Duel roles

I usually use a pivot table and have many-to-many relationship between users and roles. It might be a little complex for your needs, but I often base just use https://github.com/spatie/laravel-permission for managing user access throughout the application.

It can get tricky:

An admin who is also a user with heir own data logs in and sees all, but wants their own data only sometimes.

A lot more if statements involved with duel roles. Kind of why I liked the muti table way.

A little more logging out and logging in, but still easy.

An admin logs out to do bookkeeping. Hits the link that opens the login for a bookkeeper, logs in, and properly gets routed to correct place.

Duel roles can be a headache at first.

Going back to the admin that just wants a simple view of their info. There would have to be extra commands or links to allow them to see things as a regular user.

It's a tough decision to use multi tables or a table with multi roles.

Multi table easier but requires a log out and another login. Multi role table requires a lot more if else statements to figure out if that duel user role can do bookkeeping also.

I am still researching this.

Thanks for reply. I looked over the package, a lot of if constructs needed.

Check the package recommended. It does all you seek, and does a damn good job with many options. Spatie knows how to write laravel code. It's very well documented, very popular (check the stars) and always maintained. You can do the same as they are (using laravel policies, etc), but they've done all of the hard work and made it very easy.

For your various roles and only wanting to see limited data scenario... That's pretty common. What I've done is have a dropdown that allows the user to choose their current role (which is also defined as to what role can change to x,y,z roles) and use sessions to manage that. They basically just change roles on the fly and change back. They don't have to log out, just refresh the page (done automatically). So an admin can change themselves to bookkeeper and only sees what the bookkeeper can see/do, then goes back to admin and seeing all. It's basically just a filter when you think about it. It just alters a db where (if value in session is xzy, use xyz, else use default role on user).

I looked over the package, a lot of if constructs needed.

There will be for whatever you come up with, too. They have a lot of different ways to do things for lot's of different scenarios. You don't have to do all, and you wouldn't. Study the docs and once you pick the method that would work best for your scenario, then there aren't many docs to study. You just focus on that one part.

What I've done is have a dropdown that allows the user to choose their current role

That's a dang good idea I'm going to pursue that.

I can just put the comma separated List in the drop down.
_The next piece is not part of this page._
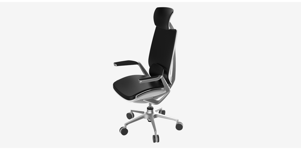 这款办公椅提取了当今流行的概念车中的造型语言,流畅婉转的曲面过度中仍不失正气和力量感。光亮的ABS与磨砂的铝合金形成了鲜明的材质对比,给人以活力十足之感。

Should be fairly easy as a separate admin area anyway.

Regular users only have completely different area.

@WILK_RANDALL - Giving you best answer, but no pivot table for me, this single table for roles is tricky enough. One bob boo in an if and a user can see things thy aren't supposed to see. So I have to be extra careful with any if's.

@cronix I am going to try the drop down for switching roles, so easy to just pull them from table.

I imagine if an admin and bookkeeper, I would at first have them logged in as admin. But have their roles in the drop down.

Then since only they can see that drop down (will derive from a session array I set up), they can just switch.

That logic should be fairly easy. Thanks both of you.

@jlrdw Hey, whatever works for you. I understand that access control definitely isn't a one size fits all kind of thing.

@WILK_RANDALL - It can give headaches when first setting up, but like anything, it will fall into place.